[Exercise input]
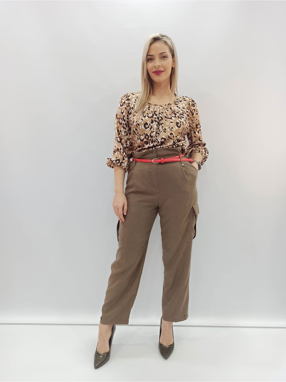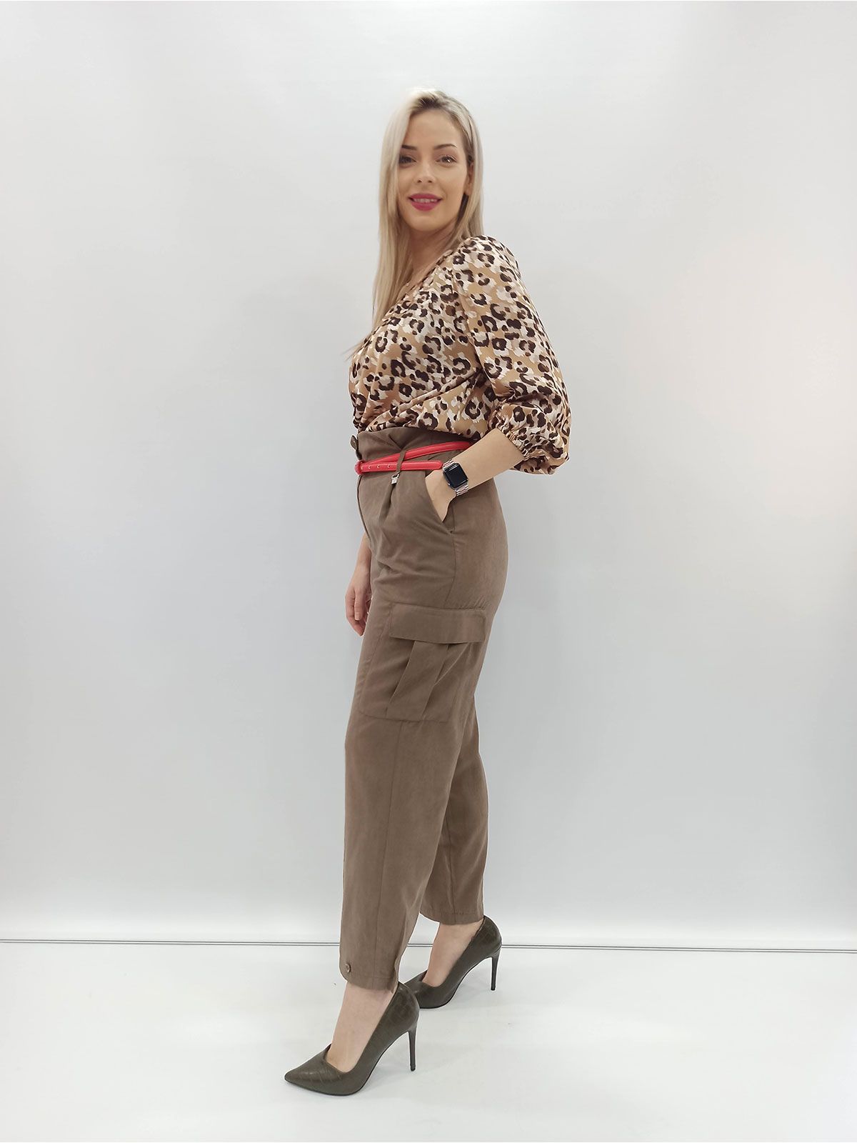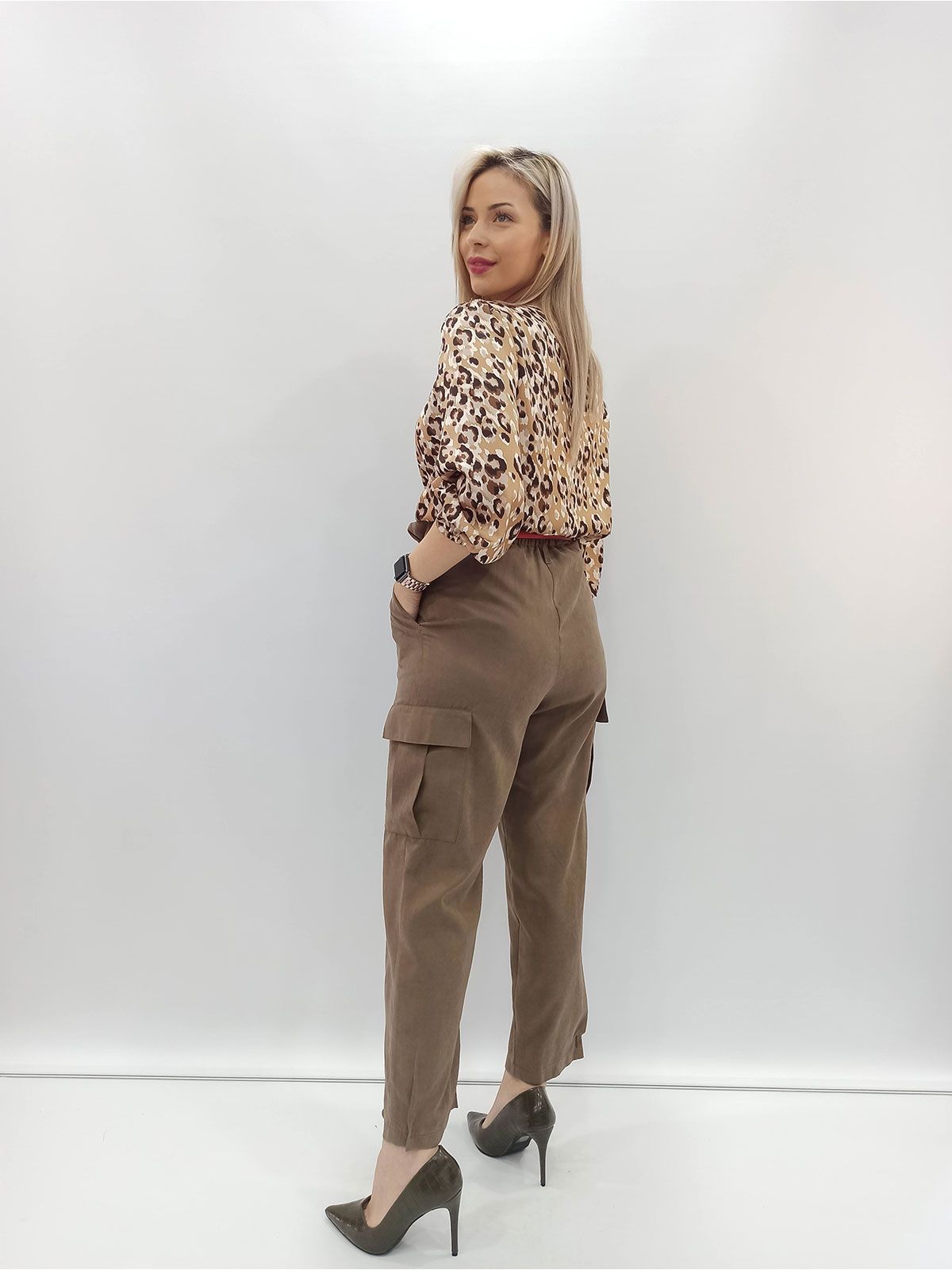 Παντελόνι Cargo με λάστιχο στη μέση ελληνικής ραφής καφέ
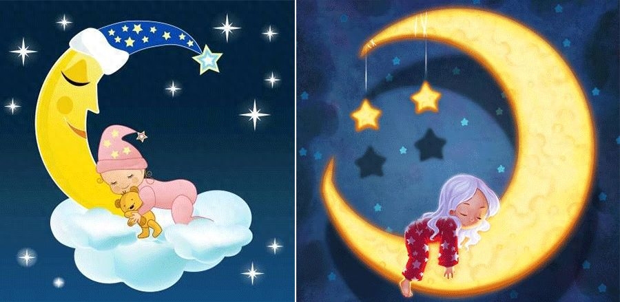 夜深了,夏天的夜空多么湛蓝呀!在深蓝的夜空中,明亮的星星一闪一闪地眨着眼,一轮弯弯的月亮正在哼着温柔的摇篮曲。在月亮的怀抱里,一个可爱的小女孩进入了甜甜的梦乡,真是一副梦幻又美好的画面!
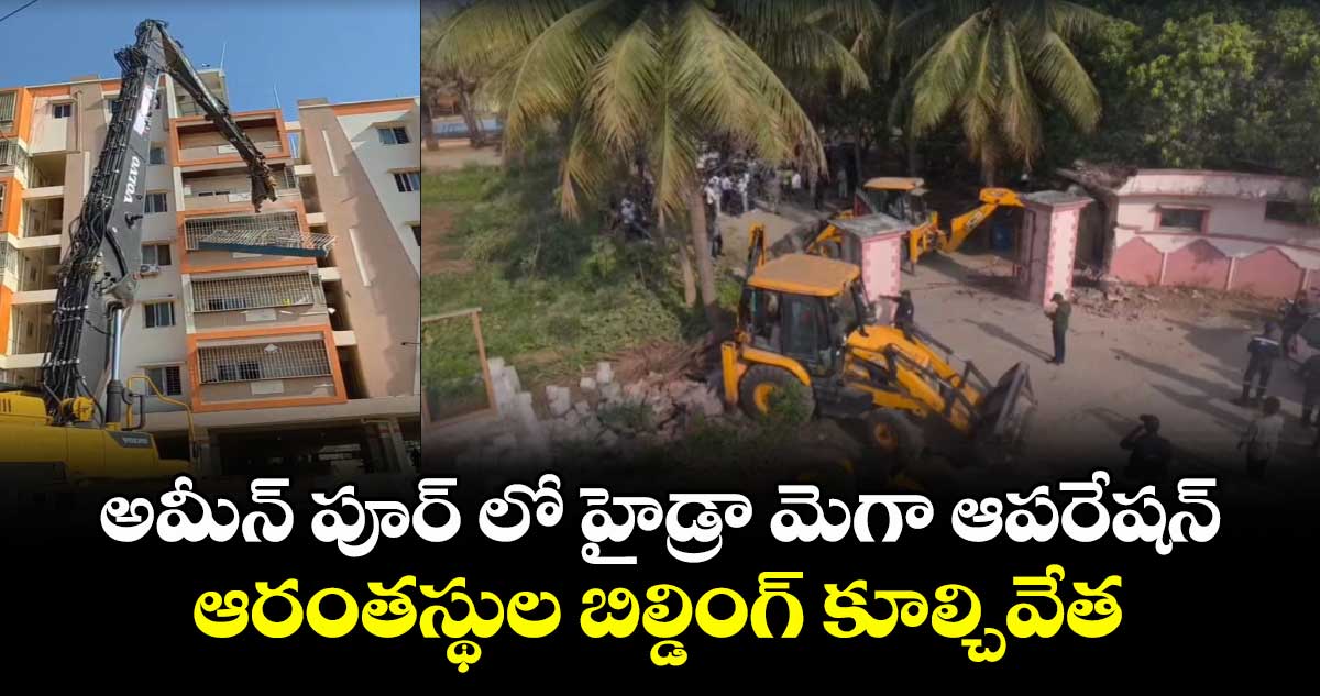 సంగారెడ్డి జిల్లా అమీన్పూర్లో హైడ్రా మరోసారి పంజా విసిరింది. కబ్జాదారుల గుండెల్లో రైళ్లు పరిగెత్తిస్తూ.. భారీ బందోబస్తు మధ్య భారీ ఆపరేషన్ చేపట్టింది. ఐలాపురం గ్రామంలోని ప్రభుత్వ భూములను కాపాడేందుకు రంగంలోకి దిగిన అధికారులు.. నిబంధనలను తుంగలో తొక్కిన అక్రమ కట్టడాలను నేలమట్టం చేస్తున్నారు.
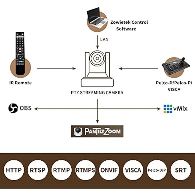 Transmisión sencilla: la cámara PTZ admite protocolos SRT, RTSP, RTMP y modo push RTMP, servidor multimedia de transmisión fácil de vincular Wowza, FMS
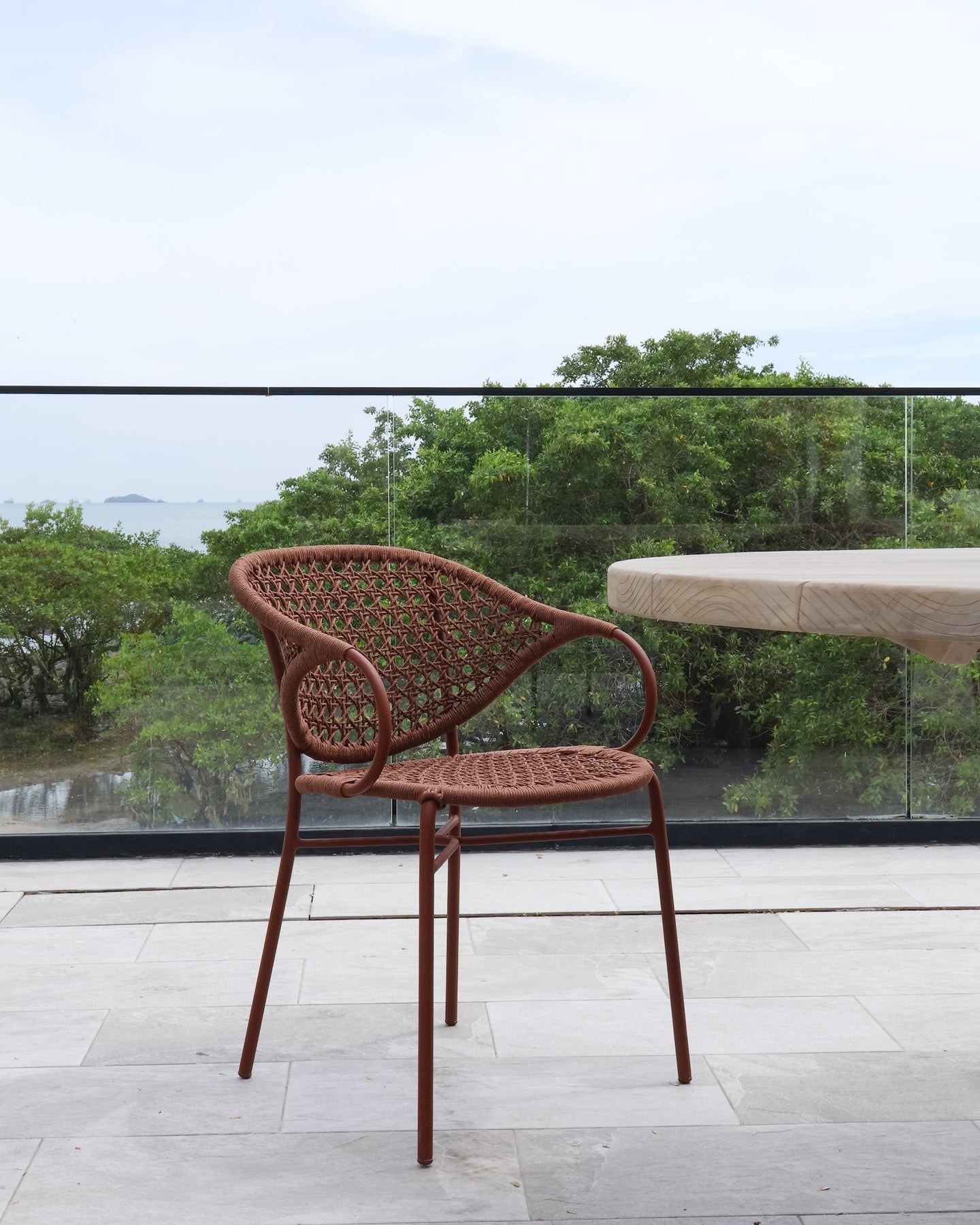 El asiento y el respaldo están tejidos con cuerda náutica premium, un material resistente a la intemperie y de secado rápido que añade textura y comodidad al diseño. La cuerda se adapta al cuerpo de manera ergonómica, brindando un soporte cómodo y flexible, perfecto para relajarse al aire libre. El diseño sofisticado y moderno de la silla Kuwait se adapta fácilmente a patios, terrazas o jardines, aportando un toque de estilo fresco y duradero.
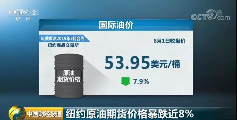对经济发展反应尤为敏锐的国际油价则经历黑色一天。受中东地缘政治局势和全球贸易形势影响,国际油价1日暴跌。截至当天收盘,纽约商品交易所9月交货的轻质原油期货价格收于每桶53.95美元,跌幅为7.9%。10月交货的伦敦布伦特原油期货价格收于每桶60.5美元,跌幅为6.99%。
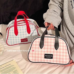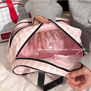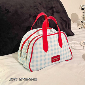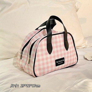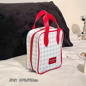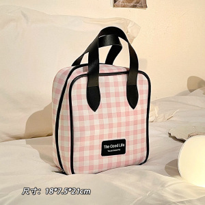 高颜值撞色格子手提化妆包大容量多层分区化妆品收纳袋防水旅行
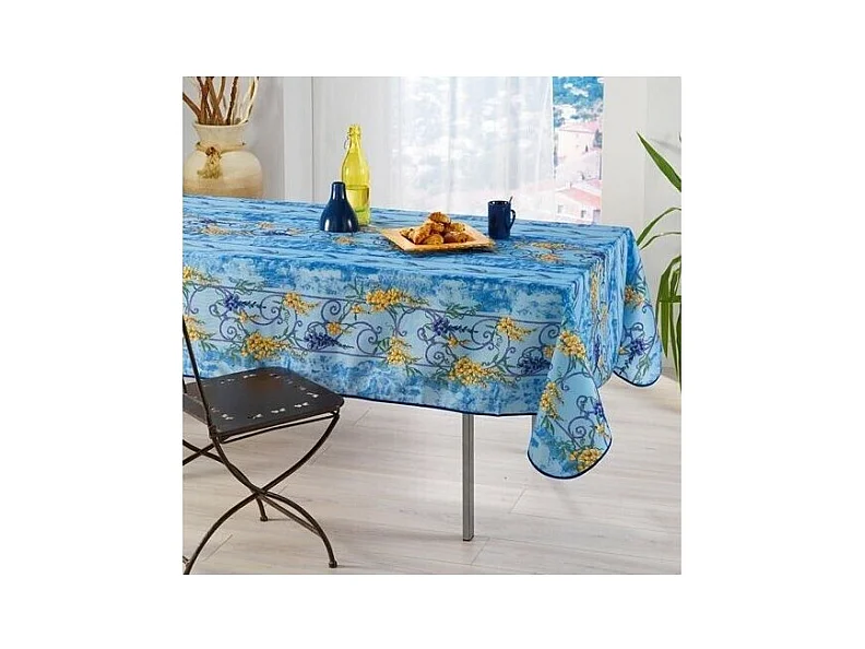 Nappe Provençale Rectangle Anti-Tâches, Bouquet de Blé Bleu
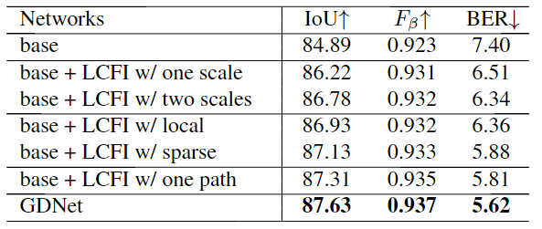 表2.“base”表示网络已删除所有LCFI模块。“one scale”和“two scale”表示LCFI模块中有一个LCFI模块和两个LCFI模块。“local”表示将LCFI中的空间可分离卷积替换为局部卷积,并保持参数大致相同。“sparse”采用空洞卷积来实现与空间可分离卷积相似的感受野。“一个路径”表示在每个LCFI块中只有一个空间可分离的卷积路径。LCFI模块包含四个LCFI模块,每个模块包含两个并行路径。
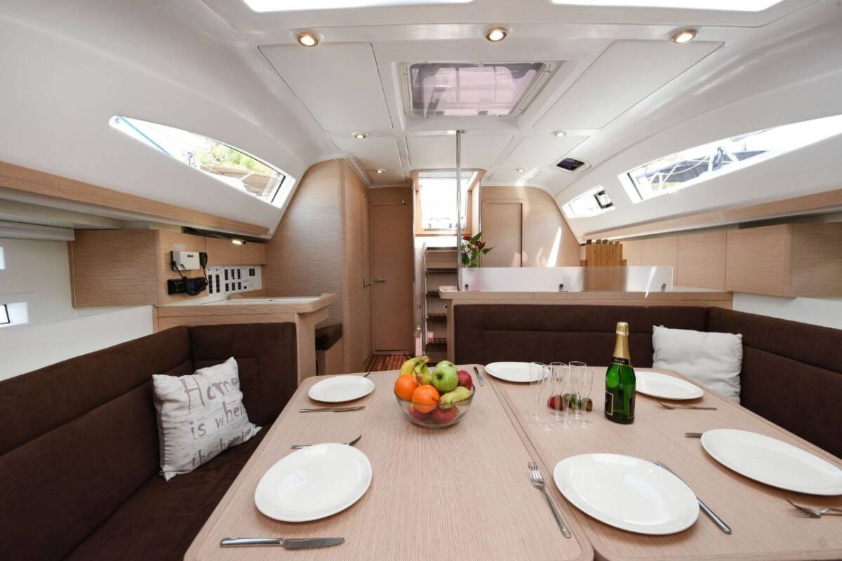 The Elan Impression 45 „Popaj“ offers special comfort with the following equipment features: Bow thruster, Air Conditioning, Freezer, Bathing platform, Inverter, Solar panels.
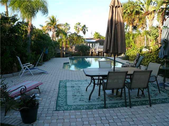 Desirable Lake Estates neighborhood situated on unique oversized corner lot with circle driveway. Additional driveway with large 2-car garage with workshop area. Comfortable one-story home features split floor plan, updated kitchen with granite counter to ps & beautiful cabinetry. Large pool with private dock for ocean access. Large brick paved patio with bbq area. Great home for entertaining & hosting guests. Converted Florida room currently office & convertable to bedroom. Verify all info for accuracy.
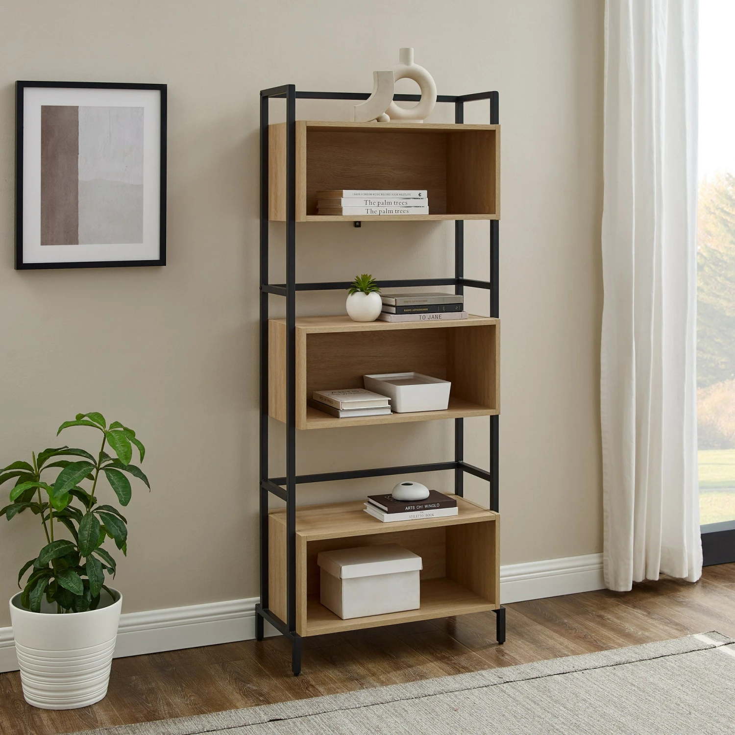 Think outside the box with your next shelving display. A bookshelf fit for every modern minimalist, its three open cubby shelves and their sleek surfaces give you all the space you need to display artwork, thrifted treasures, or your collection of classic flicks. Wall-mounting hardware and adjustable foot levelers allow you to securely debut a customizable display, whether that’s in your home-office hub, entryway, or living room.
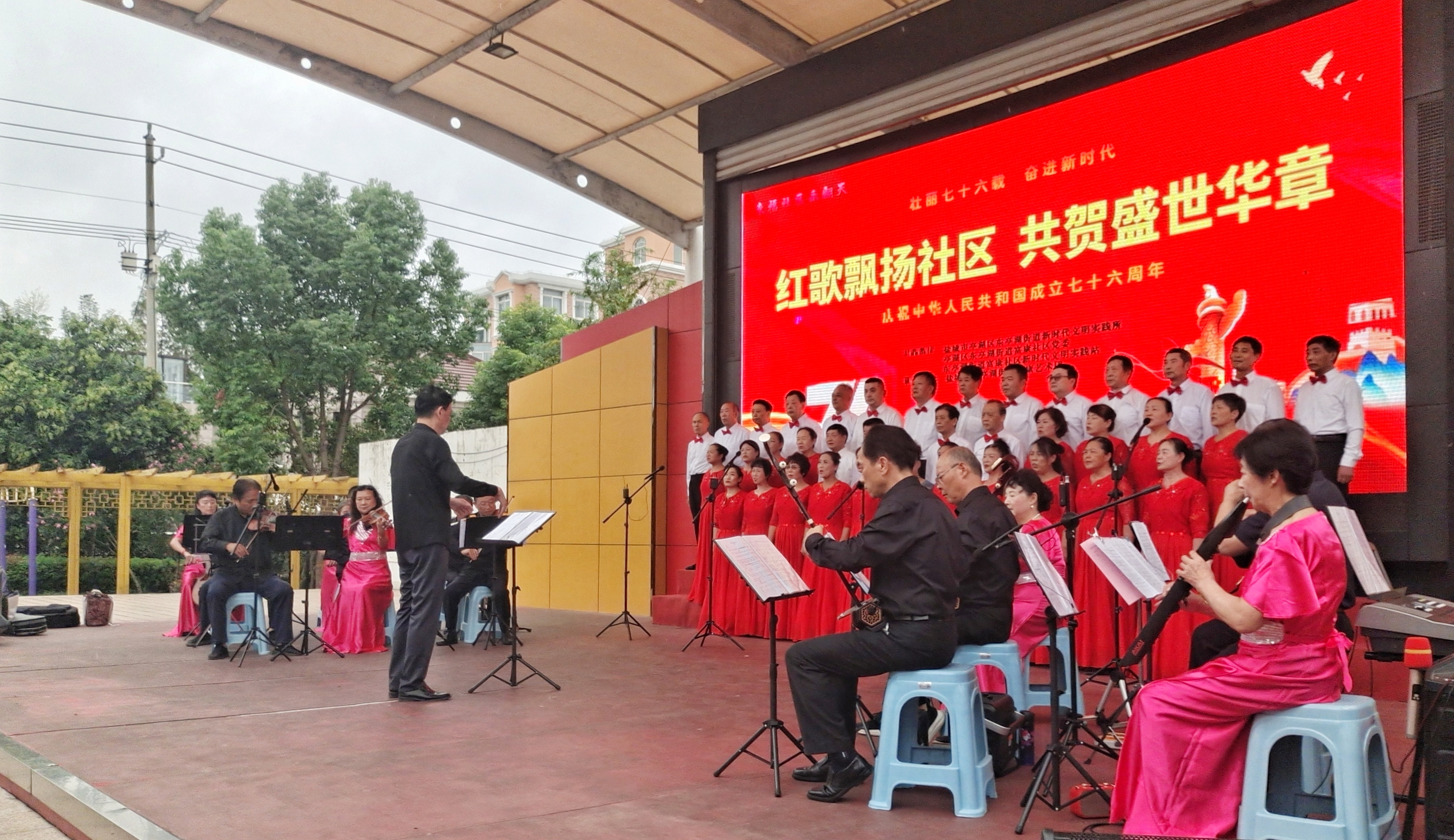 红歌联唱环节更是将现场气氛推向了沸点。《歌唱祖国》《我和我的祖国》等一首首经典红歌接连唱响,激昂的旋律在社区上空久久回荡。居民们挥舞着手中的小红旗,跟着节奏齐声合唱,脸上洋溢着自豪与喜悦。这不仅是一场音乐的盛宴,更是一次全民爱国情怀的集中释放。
[/Exercise input]
**Problem to work on:** Skip the pictures, then write out every entry exactly.

**Solution:**
 Παντελόνι Cargo με λάστιχο στη μέση ελληνικής ραφής καφέ
 夜深了,夏天的夜空多么湛蓝呀!在深蓝的夜空中,明亮的星星一闪一闪地眨着眼,一轮弯弯的月亮正在哼着温柔的摇篮曲。在月亮的怀抱里,一个可爱的小女孩进入了甜甜的梦乡,真是一副梦幻又美好的画面!
 సంగారెడ్డి జిల్లా అమీన్పూర్లో హైడ్రా మరోసారి పంజా విసిరింది. కబ్జాదారుల గుండెల్లో రైళ్లు పరిగెత్తిస్తూ.. భారీ బందోబస్తు మధ్య భారీ ఆపరేషన్ చేపట్టింది. ఐలాపురం గ్రామంలోని ప్రభుత్వ భూములను కాపాడేందుకు రంగంలోకి దిగిన అధికారులు.. నిబంధనలను తుంగలో తొక్కిన అక్రమ కట్టడాలను నేలమట్టం చేస్తున్నారు.
 Transmisión sencilla: la cámara PTZ admite protocolos SRT, RTSP, RTMP y modo push RTMP, servidor multimedia de transmisión fácil de vincular Wowza, FMS
 El asiento y el respaldo están tejidos con cuerda náutica premium, un material resistente a la intemperie y de secado rápido que añade textura y comodidad al diseño. La cuerda se adapta al cuerpo de manera ergonómica, brindando un soporte cómodo y flexible, perfecto para relajarse al aire libre. El diseño sofisticado y moderno de la silla Kuwait se adapta fácilmente a patios, terrazas o jardines, aportando un toque de estilo fresco y duradero.
对经济发展反应尤为敏锐的国际油价则经历黑色一天。受中东地缘政治局势和全球贸易形势影响,国际油价1日暴跌。截至当天收盘,纽约商品交易所9月交货的轻质原油期货价格收于每桶53.95美元,跌幅为7.9%。10月交货的伦敦布伦特原油期货价格收于每桶60.5美元,跌幅为6.99%。
 高颜值撞色格子手提化妆包大容量多层分区化妆品收纳袋防水旅行
 Nappe Provençale Rectangle Anti-Tâches, Bouquet de Blé Bleu
 表2.“base”表示网络已删除所有LCFI模块。“one scale”和“two scale”表示LCFI模块中有一个LCFI模块和两个LCFI模块。“local”表示将LCFI中的空间可分离卷积替换为局部卷积,并保持参数大致相同。“sparse”采用空洞卷积来实现与空间可分离卷积相似的感受野。“一个路径”表示在每个LCFI块中只有一个空间可分离的卷积路径。LCFI模块包含四个LCFI模块,每个模块包含两个并行路径。
 The Elan Impression 45 „Popaj“ offers special comfort with the following equipment features: Bow thruster, Air Conditioning, Freezer, Bathing platform, Inverter, Solar panels.
 Desirable Lake Estates neighborhood situated on unique oversized corner lot with circle driveway. Additional driveway with large 2-car garage with workshop area. Comfortable one-story home features split floor plan, updated kitchen with granite counter to ps & beautiful cabinetry. Large pool with private dock for ocean access. Large brick paved patio with bbq area. Great home for entertaining & hosting guests. Converted Florida room currently office & convertable to bedroom. Verify all info for accuracy.
 Think outside the box with your next shelving display. A bookshelf fit for every modern minimalist, its three open cubby shelves and their sleek surfaces give you all the space you need to display artwork, thrifted treasures, or your collection of classic flicks. Wall-mounting hardware and adjustable foot levelers allow you to securely debut a customizable display, whether that’s in your home-office hub, entryway, or living room.
 红歌联唱环节更是将现场气氛推向了沸点。《歌唱祖国》《我和我的祖国》等一首首经典红歌接连唱响,激昂的旋律在社区上空久久回荡。居民们挥舞着手中的小红旗,跟着节奏齐声合唱,脸上洋溢着自豪与喜悦。这不仅是一场音乐的盛宴,更是一次全民爱国情怀的集中释放。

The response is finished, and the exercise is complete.